Re: Datetime_Plus and TimestampAdd operators


There doesn’t seem to be a clear victor:
TIMESTAMPADD is specified by ODBC, whereas interval “+”  is specified by the SQL standard. TIMESTAMPADD
TIMESTAMPADD with Calcite extensions can handle unusual intervals such as WEEK, whereas these cannot be directly expressed using interval “+”
Interval “+” can handle multi-unit intervals (e.g. INTERVAL ‘2:30’ HOUR TO MINUTE) whereas the best TIMESTAMPADD could do would be 90 minutes. 

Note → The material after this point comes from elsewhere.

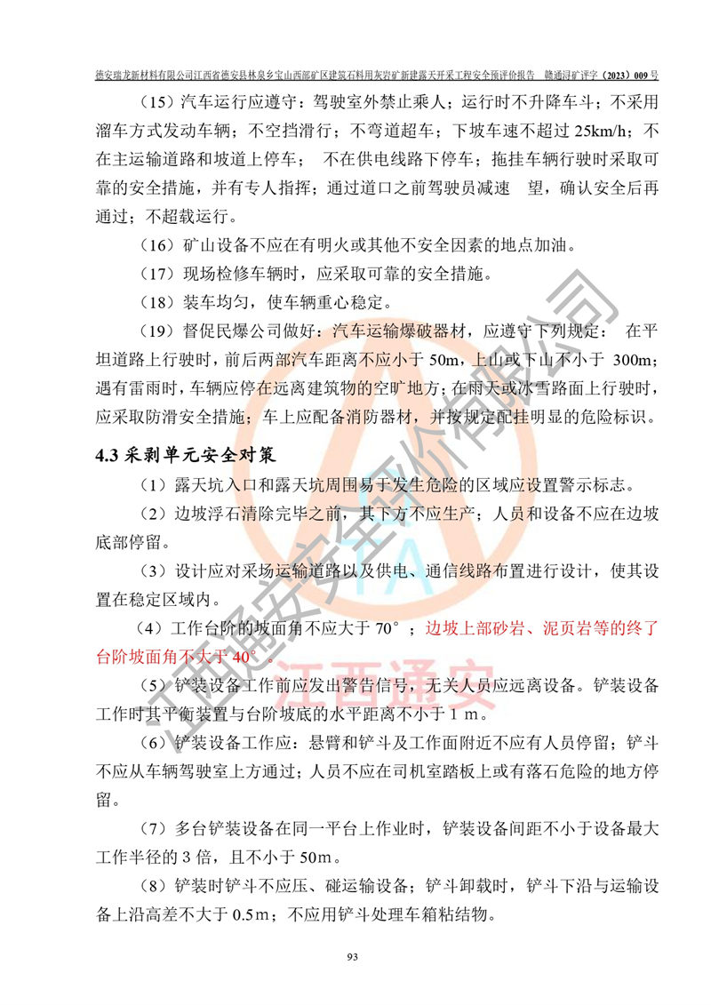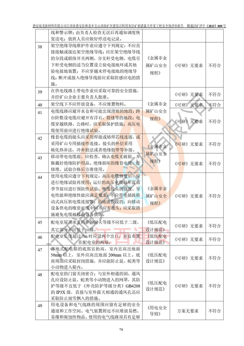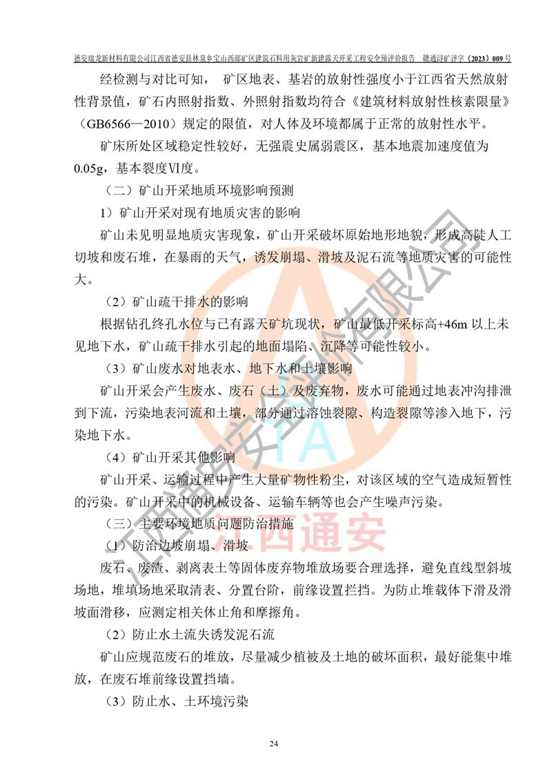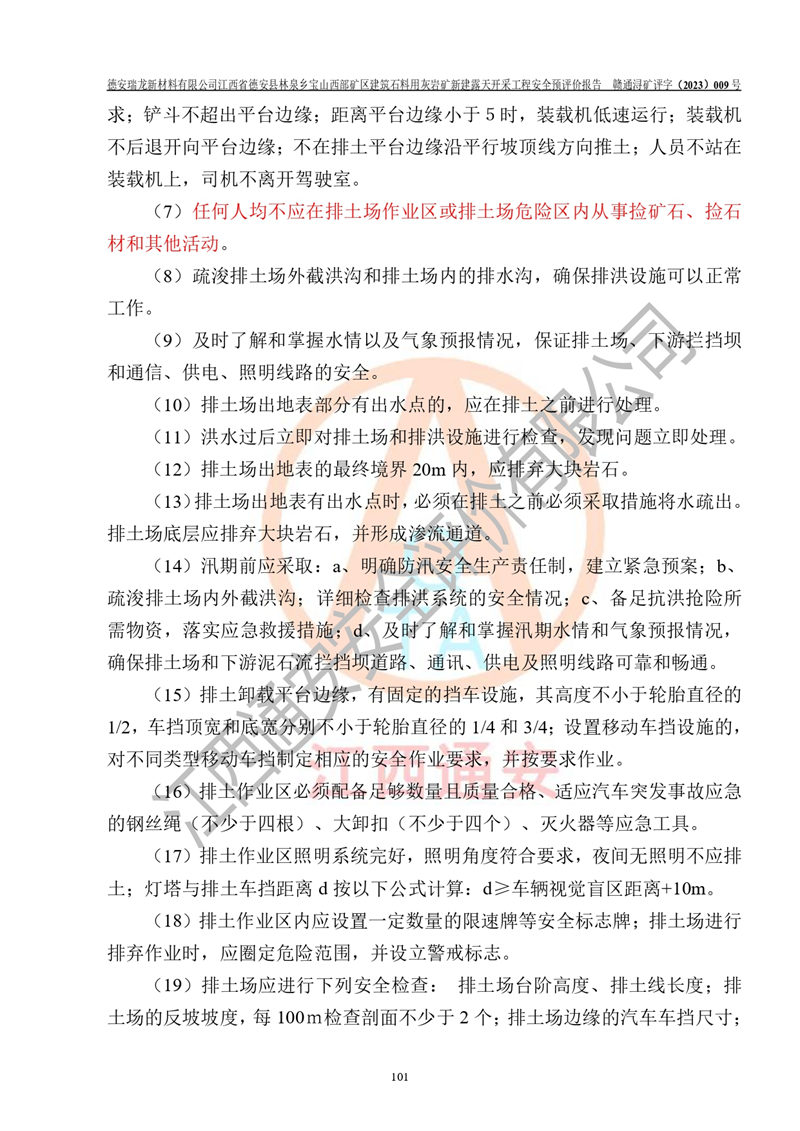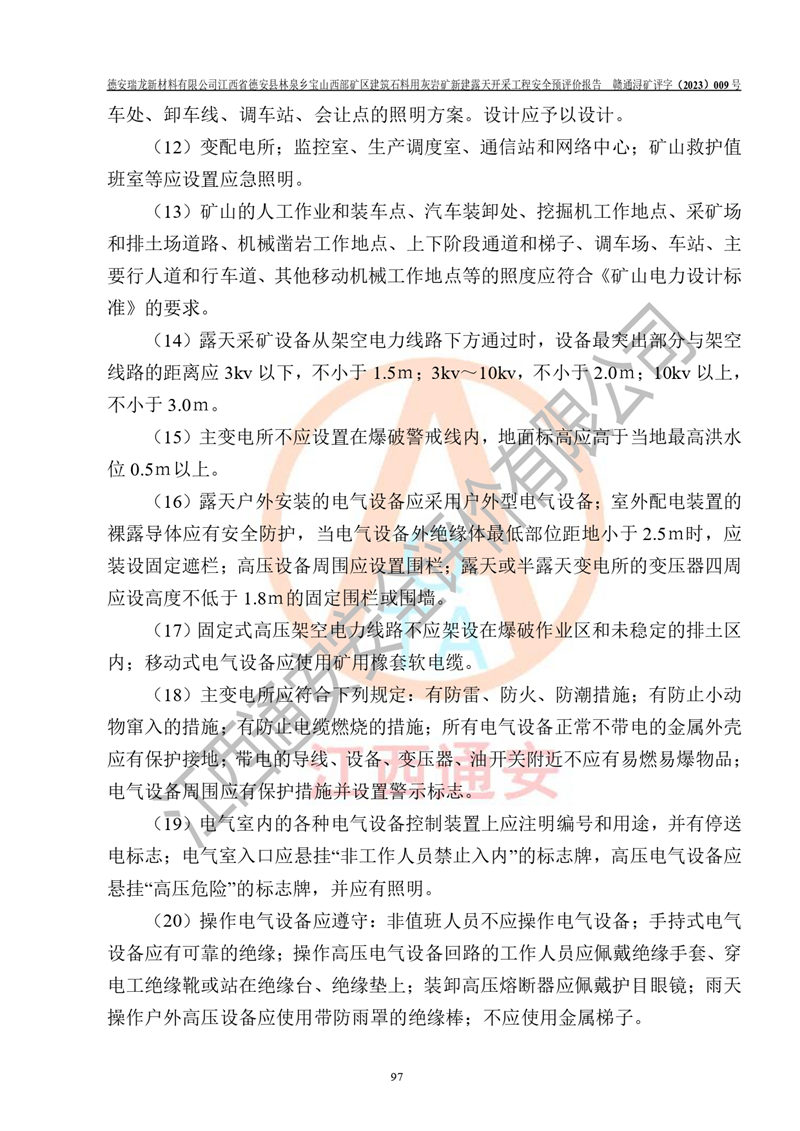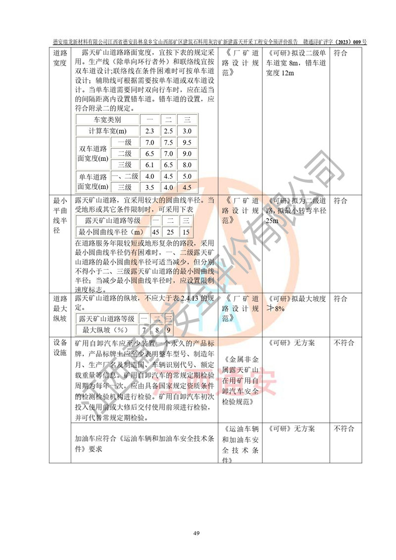 评价结论 | 总体结论:德安瑞龙新材料有限公司江西省德安县林泉乡宝山西部矿区建筑石料用灰岩矿新建露天开采工程项目潜在火药与雷管爆炸、放炮、坍塌(滑坡)、泥石流、触电、火灾、**伤害、高处坠落、物体打击、容器爆炸、机械伤害、中毒与窒息、淹溺、粉尘、高低温、噪声、振动等危险、有害因素,落实《可研》、《建议书》和本报告提出的安全措施和对策,风险可控,能达到可接受范围。 江西省德安县林泉乡宝山西部矿区建筑石料用灰岩矿新建露天开采工程项目露天开采工程落实《可研》、《建议书》和本报告提出的安全措施和对策,能够满足**有关法律、法规、规章、标准和规范的要求,可以进行建设。 | |||||

Whichever form we adopt internally, there will be some looseness. When we convert to the other form, the expression will sometimes look different than the user typed.

There is a good reason to choose an internal representation. Then we can pool our resources writing transformation rules that optimize these kinds of expressions.

However, it would be reasonable for the JDBC adapter to convert to whichever is the preferred form for the target database.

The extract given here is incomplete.